Наряду с обсужденными выше житейско-психологическими факторами тяготение Самойлова к идиллии объясняется теми гражданско-этическими (предполагающими поэтическую реализацию) «правилами», что были выработаны им на исходе 1960-х. 12 ноября 1968 года он пишет:
21 августа окончился целый период нашей жизни, период относительной либерализации, колебаний власти и выбора путей <…> Диктатура без диктатора сбросила все маски и без стеснения открыла забрало <…> Надеяться больше не на что. Силы, противостоящие злу, могут пока еще только являть образцы геройства, но им еще далеко до того, чтобы поколебать основы диктатуры и завоевать права <…> Надо перестроить свои идеи так, чтобы зрение ума различало слабые ростки будущего, и припасть к этим росткам <…> Надо <…> жить только понятиями гражданской чести [172] .

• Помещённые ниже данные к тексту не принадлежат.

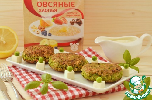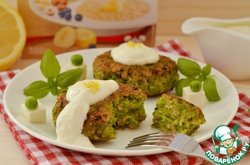 Овсянники из зеленого горошка с базиликом и фетой под йогуртовым соусом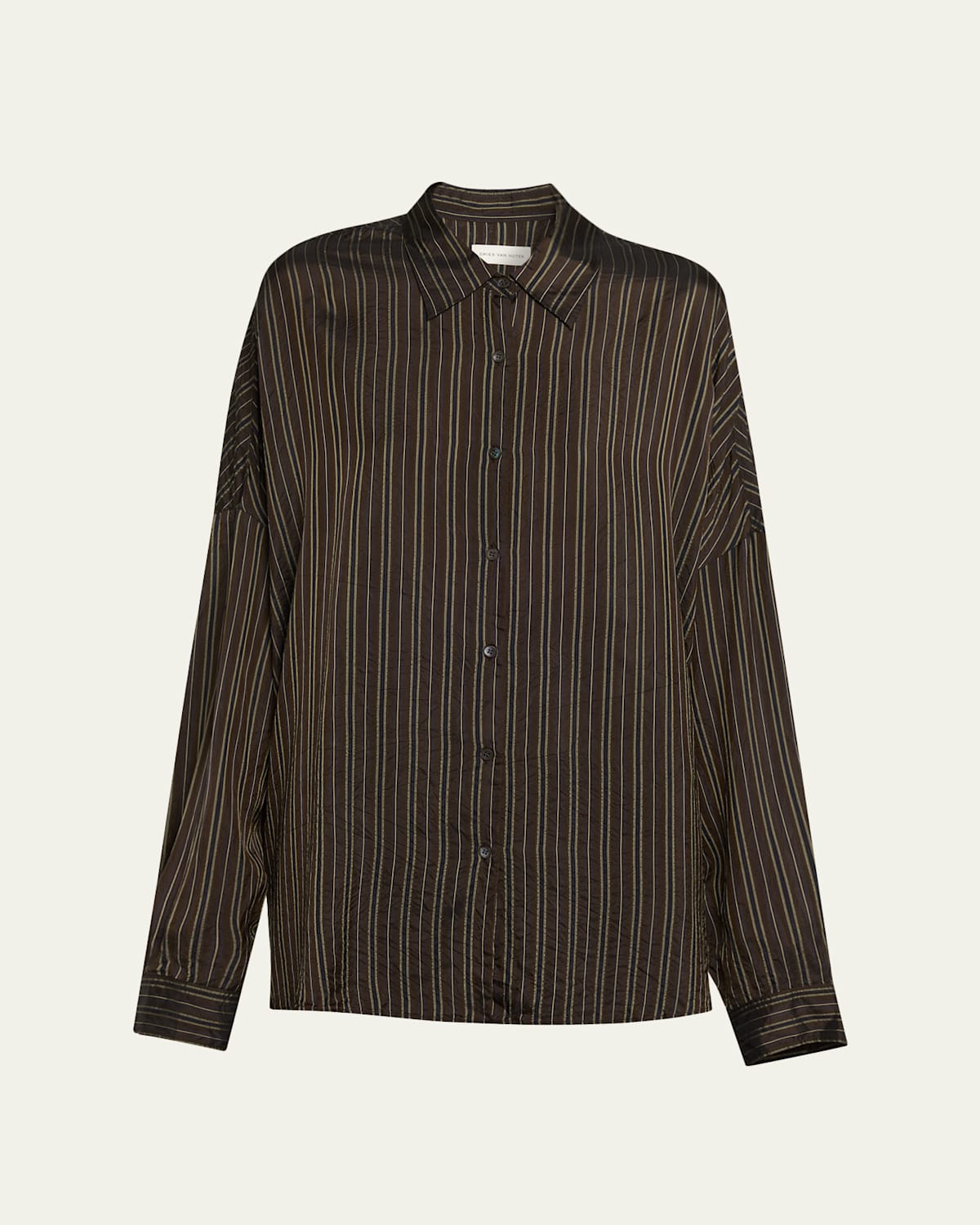 Designed with a multistriped pattern, the "Casia" blouse by Dries Van Noten is crafted with a lightly crinkled finish for added texture Shirt collar; button front Dropped shoulders Long sleeves; button cuffs Yoked back Oversized fit Hip length Cotton Made in Hungary

«Гражданская честь» противополагается политической деятельности, оказывается аналогом пушкинско-блоковской «тайной свободы». «Слабые ростки будущего» можно различить, отказавшись от настоящего (с его несправедливостями и обидами) и обратившись к вечному (семья, творчество, просвещение) [173] . Возникает своего рода «императив позитивности»; 24 апреля 1973 года Самойлов говорит Владимиру Корнилову (избравшему принципиально иную позицию):
Тебя интересует деструкция жизни, а меня конструкция. Тебя почему жить нельзя, а меня – почему можно [174] .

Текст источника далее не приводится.